München/Odessa (epd). Nach zwei Jahren Eiszeit sind bayerische und deutsch-ukrainische Lutheraner wieder Partner. Die Evangelisch-Lutherische Kirche in Bayern (ELKB) hat die Partnerschaft mit der Deutschen Evangelisch-Lutherischen Kirche in der Ukraine (DELKU) wieder aktiviert, wie Landeskirchen-Sprecher Johannes Minkus dem Evangelischen Pressedienst (epd) auf Anfrage mitteilte. Der Landeskirchenrat habe die neu gewählte Leitung der DELKU anerkannt und ihr gratuliert. Gelder für Projekte würden allerdings erst dann wieder fließen, „wenn es eine verlässliche Struktur in der DELKU gibt“, sagte Minkus.

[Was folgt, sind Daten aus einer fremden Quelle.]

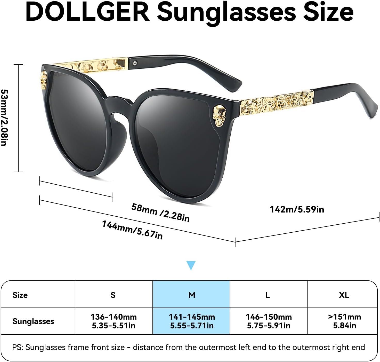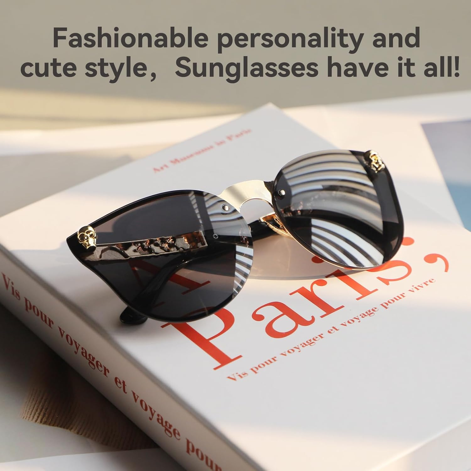 Rimless Cat Eye Sunglasses with Skull Design, Stylish UV400 Protective Shades THE SKULL AND CAT EYE DESIGNS - Sunglasses collection remains true to its classic heritage while continuously evolving to meet today's fashion demands. UV400 PROTECTION – Dollger Vision lenses can block 100% of both UVA and UVB radiation. UV400 rated sunglasses is essential to protecting your eyes against long term UV damage and keeping your eyes healthy when you go out. HIGH QUALITY MATERIALS – This great pair of sunglasses was made of high quality plastic material that is durable enough for long time using. They are suitable for any outdoor wearing and weather conditions. PERFECT ALL ROUNDER – These sunglasses are the perfect choice for outdoor activities such as walking, driving, shopping, traveling, taking photos, and is suitable as high fashion accessory and daily wear all year round. It is also gift packaged ready, making it a wonderful yet practical gift idea for friends and family! PRACTICAL ACCESSORIES: Each pair of Trendy sunglasses comes with a double-headed screwdriver, cleaning cloth, and pouch. Fashionable and eye-protective, they block UV rays to protect your eyes. Perfect as a thoughtful gift for friends and family, they add flair to daily outings, outdoor activities, or trips, while showcasing your unique style. (n/a)
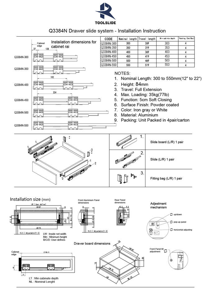 Full Extension, Easy Installation, 3-Fold, Silent, Soft ClosingFeature
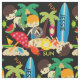 Cute, fun, colourful, great for kids or anyone who loves the beach, features a black background with beach theme, kids at the beach with swim tubes, surfboards, beach umbrella, watermelon, sunscreen, toy boats, there's even some crabs running around! You can add a name easily to the surfboard!
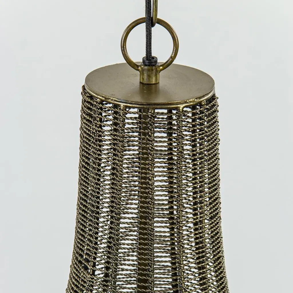 Sfeervol en trendy in één, deze metalen 2-lichts hanglamp. De kap is volledig gevlochten uit metaaldraad en voorzien van een antiek bronzen finish. Dit geeft de lamp een romantische en landelijke look. De metalen kap hangt aan een stevige metalen ketting en een zwart stof omwonden snoer die beide in hoogte zijn te verstellen. Khedira wordt aan het plafond bevestigd met een mat zwarte balk van 90 cm. De hanglamp past mooi boven een salon- of eettafel.
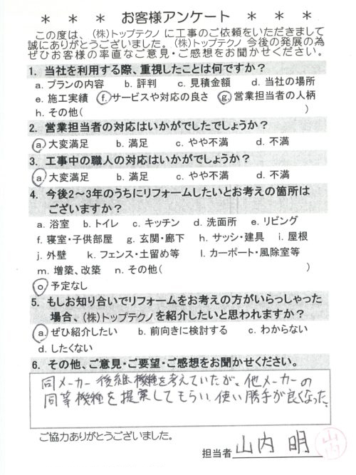 お客様アンケートへのご回答、誠にありがとうございます。
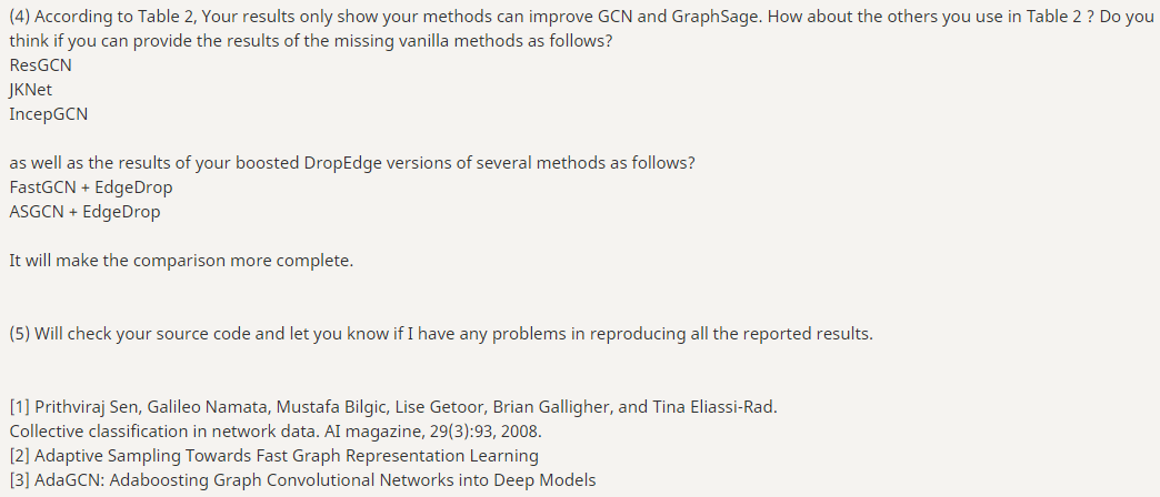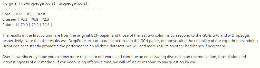 一篇关于GNN方向的提交论文DropEdge: Towards Deep Graph Convolutional Networks on Node Classification,其方法由于结果表现太好被广大网友质疑。一名叫 Alex Williams 的小哥 “放出狠话”,公开叫板,直怼作者团队。认为作者的方法带来的基本上都是伪提升,是改变了数据训练比例的“作弊”手段,对其他科研工作者不公平。作者团队也正面刚回去,并提供了源代码, Alex Williams 小哥继续说他要复现作者论文的结果,看看到底是否有问题。
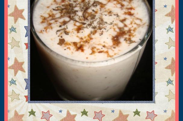 LEAVES. CHURN WELL. ALSO ADD FEW CUBES OF ICE, IF WISH TO SERVE CHILLED.
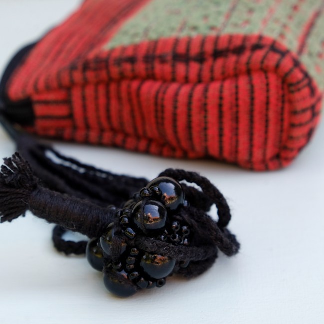 Wooden and glass beads for the tassel. The glass beads I got in Pakistan.
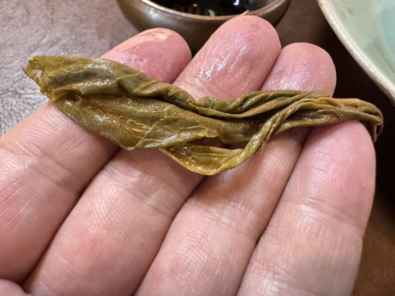第五道,叶底完全伸展开后,大家仔细看茶叶的脉络、有很好的革质感,但嫩度还非常高,即使叶片大一些的部分,也是非常嫩,这就是森林茶特有的高持嫩度,持嫩度高的茶自然就会有更丰富的内质,茶最怕的的粗老木质化,那就会空淡寡,咱们在任何一款茶的选料上,都会避开这样的缺点。

Die DELKU befand sich seit mehreren Jahren in der Krise. Auf der Synode am 9. Oktober entzogen nun Vertreter „einer großen Mehrheit der Gemeinden“ dem bisherigen Bischof Serge Maschewski das Vertrauen und die Vollmachten, wie die DELKU auf ihrer offiziellen Internetseite mitteilte. Im Einklang mit den Bestimmungen der DELKU-Satzung wurde ein Bischöflicher Visitator für ein Jahr gewählt: Neuer Leiter der Kirche ist Pawel Schwarz, der 36-jährige Pfarrer der Deutschen Evangelisch-Lutherischen Auferstehungsgemeinde Charkiw.

Kirche ist „völlig gespalten“

2016 hatte die ELKB die Partnerschaft mit der DELKU ausgesetzt. Begründung: Sie erhalte keine transparenten Abrechnungen über ihre Zuschüsse, und Bischof Maschewski verweigere Gespräche, erläuterte Oberkirchenrat Michael Martin damals. Er attestierte der DELKU, sie sei „völlig gespalten“ - mehr als die Hälfte der rund 30 Gemeinden hätten die Kirche verlassen. Die Konflikte seien vor allem auf Bischof Maschewski zurückzuführen, der laut Martin „alles selbst im Griff haben will und sich mit abweichenden Meinungen schwer tu“.

Der ukrainische Pfarrer Alexander Gross hatte noch im Juni dieses Jahres in Nürnberg um Hilfe bei der Rettung seiner Kirche gebeten. Maschewski verbreite Angst, entlasse Pfarrer, grenze Synodale aus und lasse eigenmächtig kirchliche Gebäude und Autos einziehen, sagte Gross. Nach der Absetzung des Bischofs zeigen sich nun zahlreiche Pfarrer erleichtert.

Neustart nach der Sowjetzeit

Die Deutsche Evangelisch-Lutherische Kirche in der Ukraine (DELKU) wurde Mitte des 18. Jahrhunderts von deutschen Aussiedlern gegründet, die von Zarin Katharina II. ins Land gerufen worden waren. Der erste evangelische Gottesdienst fand bereits 1801 in Odessa statt, die Gemeinde dort umfasste zeitweise über 10.000 Mitglieder. In der Sowjetzeit kam das kirchliche Leben jedoch zum Erliegen, die Gemeinden wurden verboten, die Kirchen geschlossen oder umgewidmet. Erst nach der politischen Wende konnte wieder eine evangelische Kirche, auch mit Hilfe der bayerischen Partnerkirche, begründet werden.

Das geistliche und organisatorische Zentrum der ukrainischen Lutheraner ist die Paulskirche in Odessa, zu der auch das „Deutsche Zentrum“ gehört. Zur DELKU gehörten ursprünglich 30 Gemeinden, die weit verstreut im Land liegen. 2013 zählte sie etwa 3.000 Mitglieder.